• [Records for processing]
Start of Block

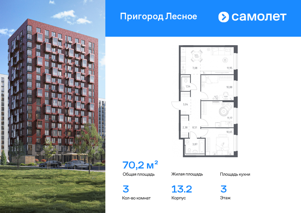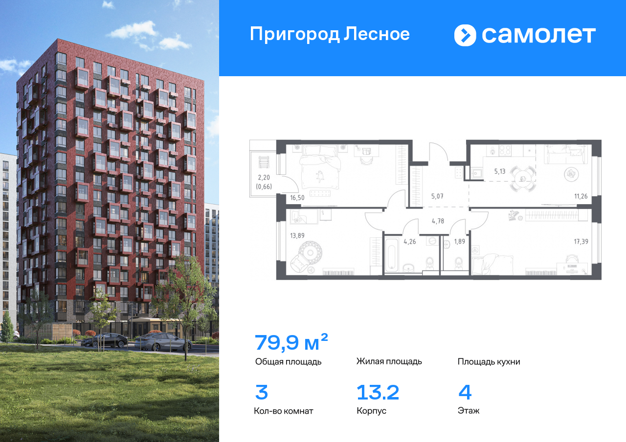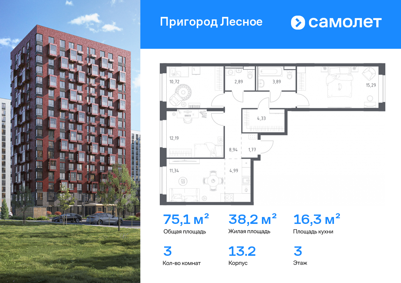 Евро трехкомнатные квартиры в ЖК «Пригород Лесное»
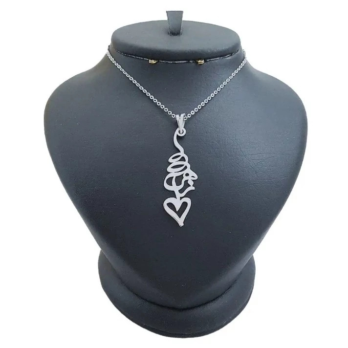 گردنبند نقره طرح نوشته اسم زهرا و قلب همراه با زنجیر نقره
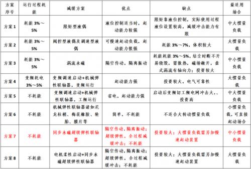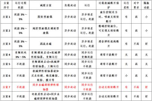 表1常用柔性联轴器方案负载起动、运行耗能、过载机械断开保护、运行柔性、对中要求、隔振功能对比
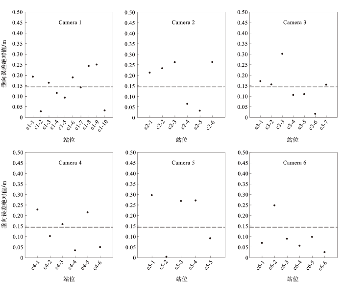 利用Argus视频图像监测系统中的iBathy模块可以获得整个滩面的地形数据,其所采用的插值方法为线性插值。为了验证所获数据的误差,我们使用RTK GPS于2016年5月4日对东沙海滩进行了一次现场勘测,在潮间带内测量41个控制点以验证视频测量数据的精度(高程均为国家85高程),C1~C6摄像头覆盖范围内控制点数分别为11,6,7,6,5和6个(图8)。
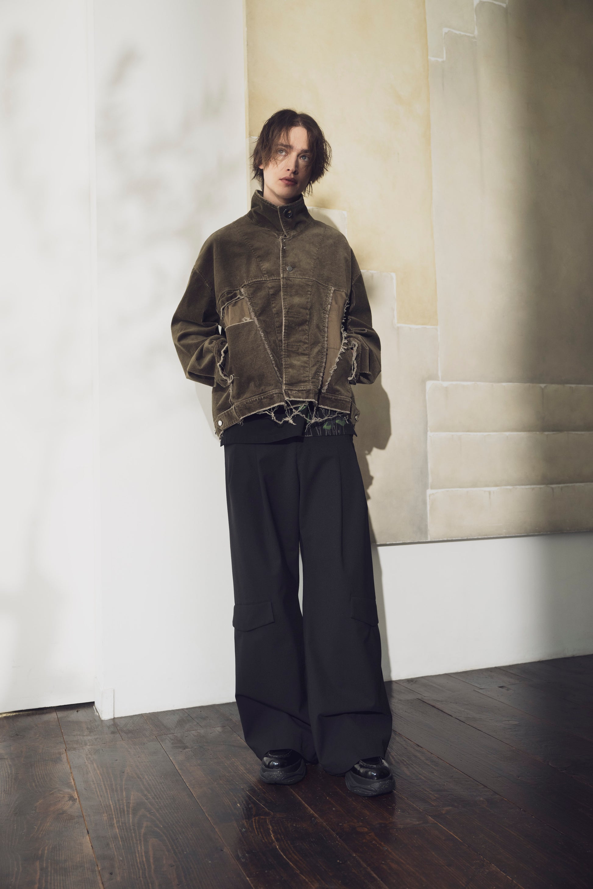 ボディは今季いちから取り組んだ最新作のバギータイプトラウザー。洗練されたワイド感をテーマに、着用時の美しいシルエットにこだわって トワル作成をなんども繰り返した渾身の一着です。スネ部分に配置されたフラップポケットもポイント。実際にポケットの機能ありです。 とにもかくにも、今後イチオシしたい一本です。ぜひご着用の上、そのシルエットをお確かめくださいませ。
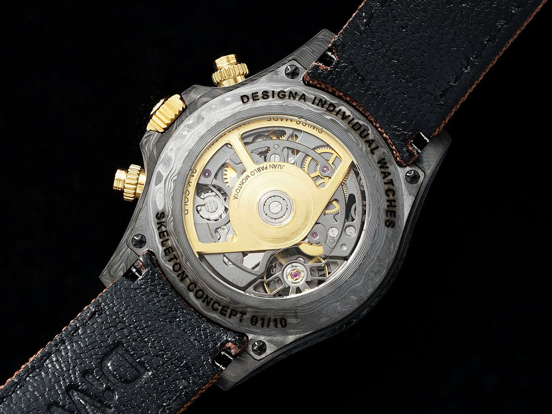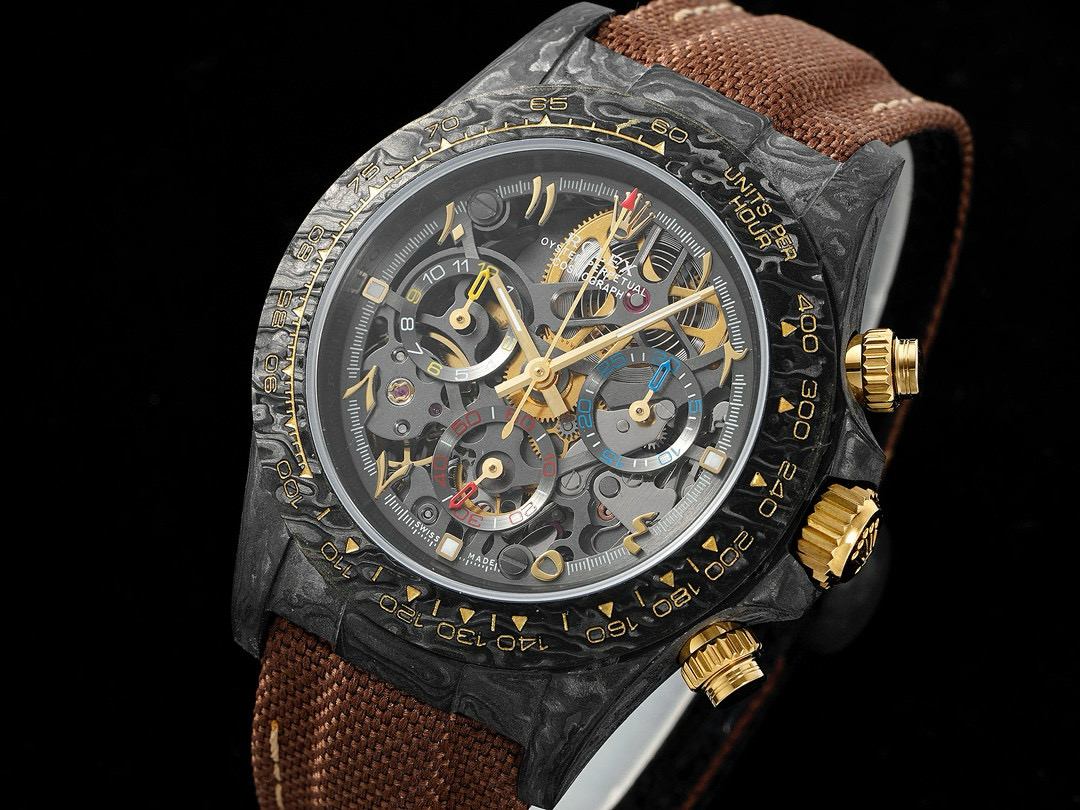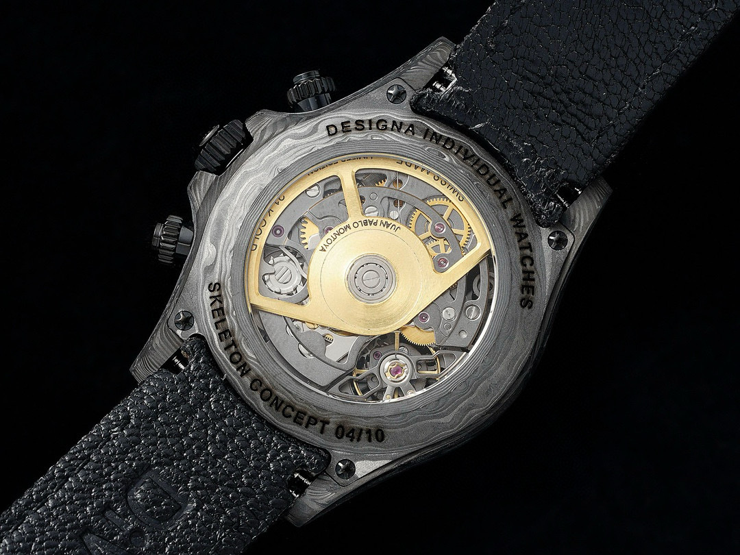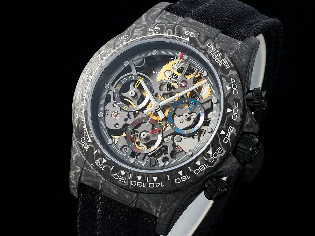 The Diw Carbon Fibre Daytona presents the new "column wheel" Cal.4130 skeletonised movement, undoubtedly the best chronograph calibre available today, with legendary performance and an original architecture containing far fewer parts than a standard chronograph movement, thus increasing its reliability. The movement is anthracite grey with a matte black skeleton, making the whole watch lighter, and the avant-garde skeleton dial design allows you to see the gears turning!
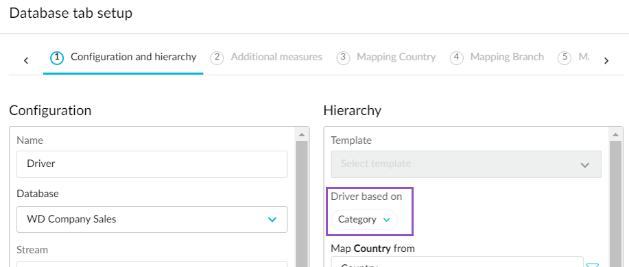 If you are adding rows in the setup of a Database tab, you have the option to configure which of the rows drive the corresponding categories in the Main tab of the budget workbook. Select the Driven toggle button as required.
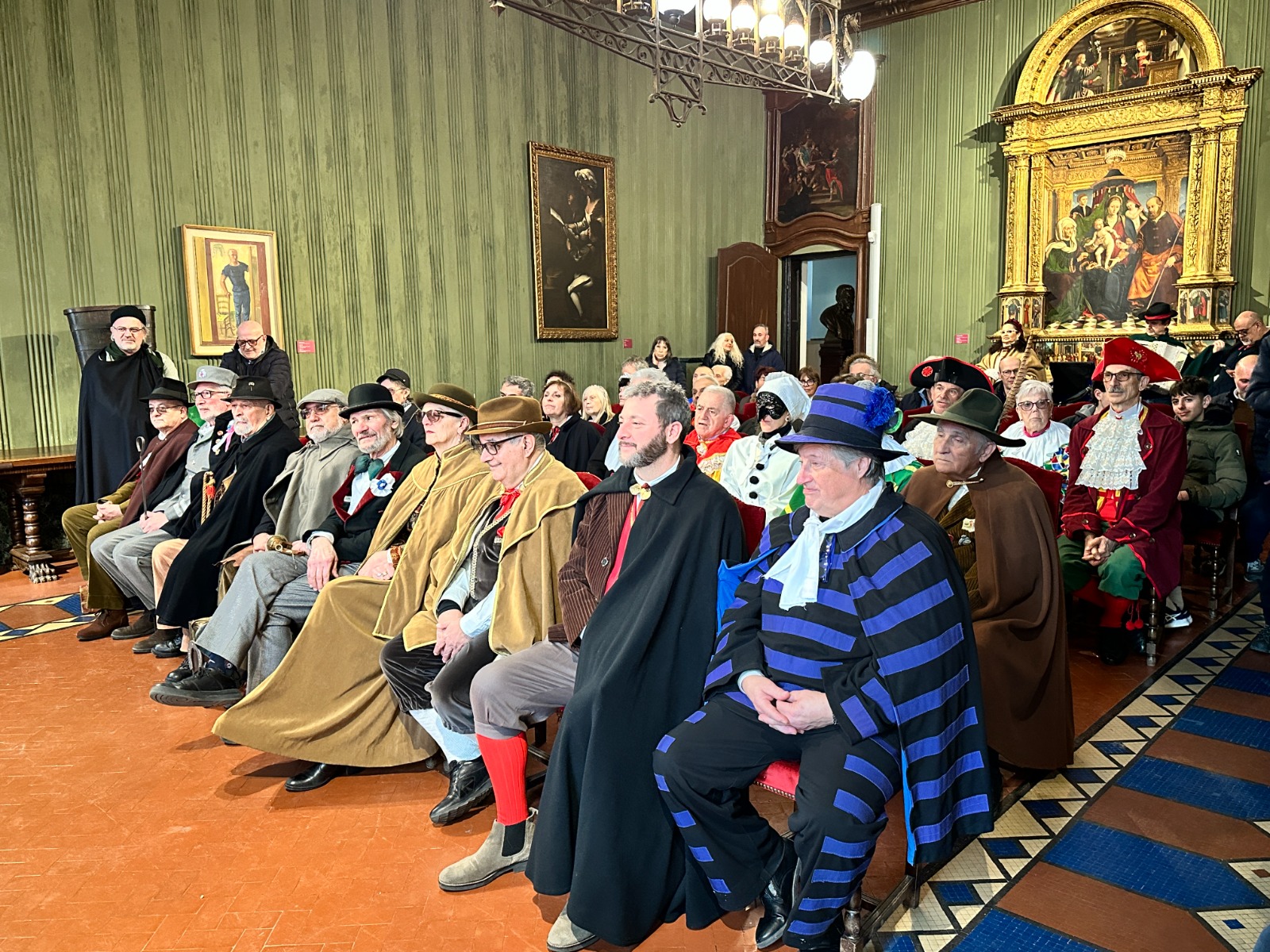 Il sindaco di Alba Alberto Gatto, affiancato dal presidente del Consiglio comunale Maurizio Marello e dall’assessora alla Cultura Caterina Pasini, ha accolto sabato 15 febbraio, nella sala consiliare “Teodoro Bubbio”, le maschere del Carlevé benéfich a cura dell’associazione Famija Albèisa.

End of Block

Only the pictures stay behind; copy everything else in the records above exactly.

 Евро трехкомнатные квартиры в ЖК «Пригород Лесное»
 گردنبند نقره طرح نوشته اسم زهرا و قلب همراه با زنجیر نقره
 表1常用柔性联轴器方案负载起动、运行耗能、过载机械断开保护、运行柔性、对中要求、隔振功能对比
 利用Argus视频图像监测系统中的iBathy模块可以获得整个滩面的地形数据,其所采用的插值方法为线性插值。为了验证所获数据的误差,我们使用RTK GPS于2016年5月4日对东沙海滩进行了一次现场勘测,在潮间带内测量41个控制点以验证视频测量数据的精度(高程均为国家85高程),C1~C6摄像头覆盖范围内控制点数分别为11,6,7,6,5和6个(图8)。
 ボディは今季いちから取り組んだ最新作のバギータイプトラウザー。洗練されたワイド感をテーマに、着用時の美しいシルエットにこだわって トワル作成をなんども繰り返した渾身の一着です。スネ部分に配置されたフラップポケットもポイント。実際にポケットの機能ありです。 とにもかくにも、今後イチオシしたい一本です。ぜひご着用の上、そのシルエットをお確かめくださいませ。
 The Diw Carbon Fibre Daytona presents the new "column wheel" Cal.4130 skeletonised movement, undoubtedly the best chronograph calibre available today, with legendary performance and an original architecture containing far fewer parts than a standard chronograph movement, thus increasing its reliability. The movement is anthracite grey with a matte black skeleton, making the whole watch lighter, and the avant-garde skeleton dial design allows you to see the gears turning!
 If you are adding rows in the setup of a Database tab, you have the option to configure which of the rows drive the corresponding categories in the Main tab of the budget workbook. Select the Driven toggle button as required.
 Il sindaco di Alba Alberto Gatto, affiancato dal presidente del Consiglio comunale Maurizio Marello e dall’assessora alla Cultura Caterina Pasini, ha accolto sabato 15 febbraio, nella sala consiliare “Teodoro Bubbio”, le maschere del Carlevé benéfich a cura dell’associazione Famija Albèisa.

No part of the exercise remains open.